** Goal of the exercise **
Nothing but an exact repeat of the data, with pictures removed, belongs in the answer.

(Collected data Opens)

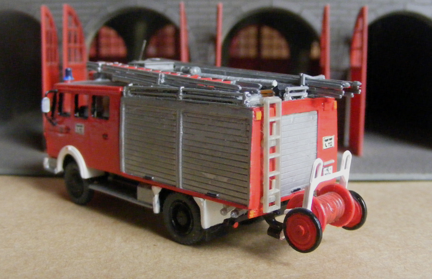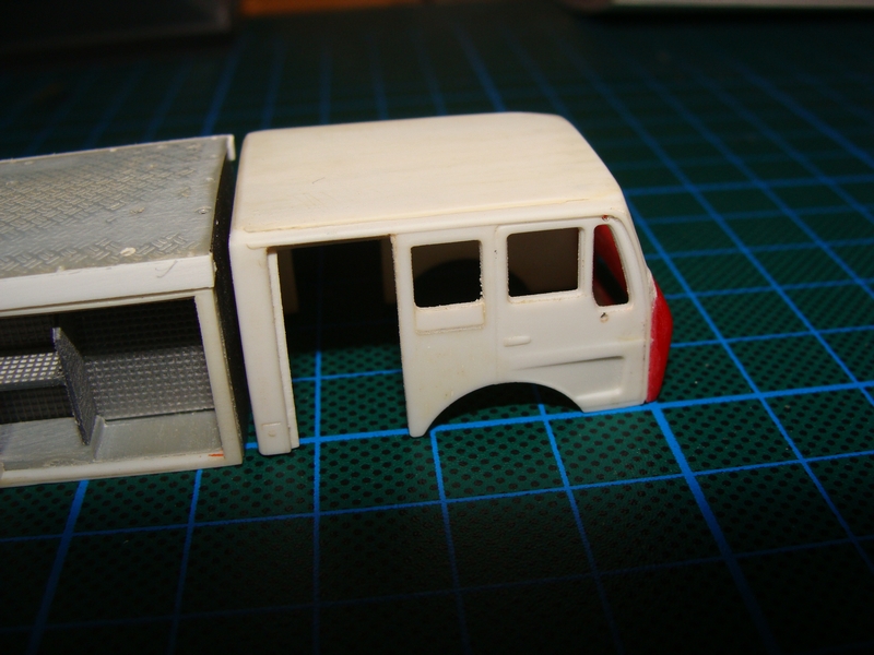 Das Modell wird eine Kombination aus Wiking/Preiser. Auf diese Idee hat mich Andreas Kowald gebracht. Die Preiserkabine wurde hinter der Fahrertür ausgesägt und mit Seitenteilen vom Wiking LF 16 zusammengefügt. Die Spalte wurden mit Bondic gefüllt.
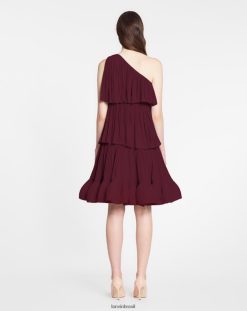 - vestido assimétrico de 3 camadas com babados em charmeuse
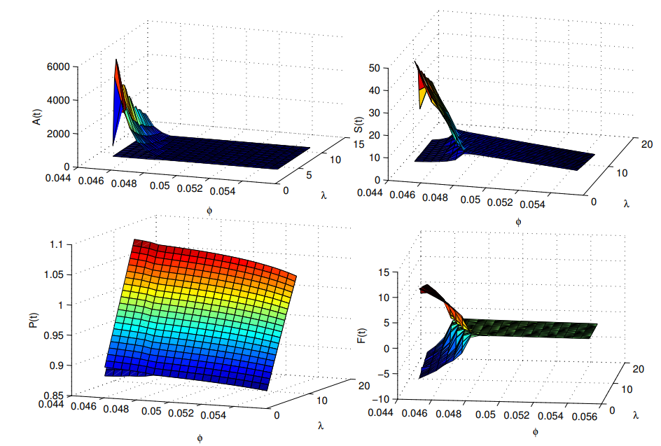 Bifurcation diagram of crop production A(t), insect population S(t), insecticide P(t) and external efforts F(t) with respect to φ and λ, other parameters are same as given in Table1

(Collected data Closes)

** Answer box **
 Das Modell wird eine Kombination aus Wiking/Preiser. Auf diese Idee hat mich Andreas Kowald gebracht. Die Preiserkabine wurde hinter der Fahrertür ausgesägt und mit Seitenteilen vom Wiking LF 16 zusammengefügt. Die Spalte wurden mit Bondic gefüllt.
 - vestido assimétrico de 3 camadas com babados em charmeuse
 Bifurcation diagram of crop production A(t), insect population S(t), insecticide P(t) and external efforts F(t) with respect to φ and λ, other parameters are same as given in Table1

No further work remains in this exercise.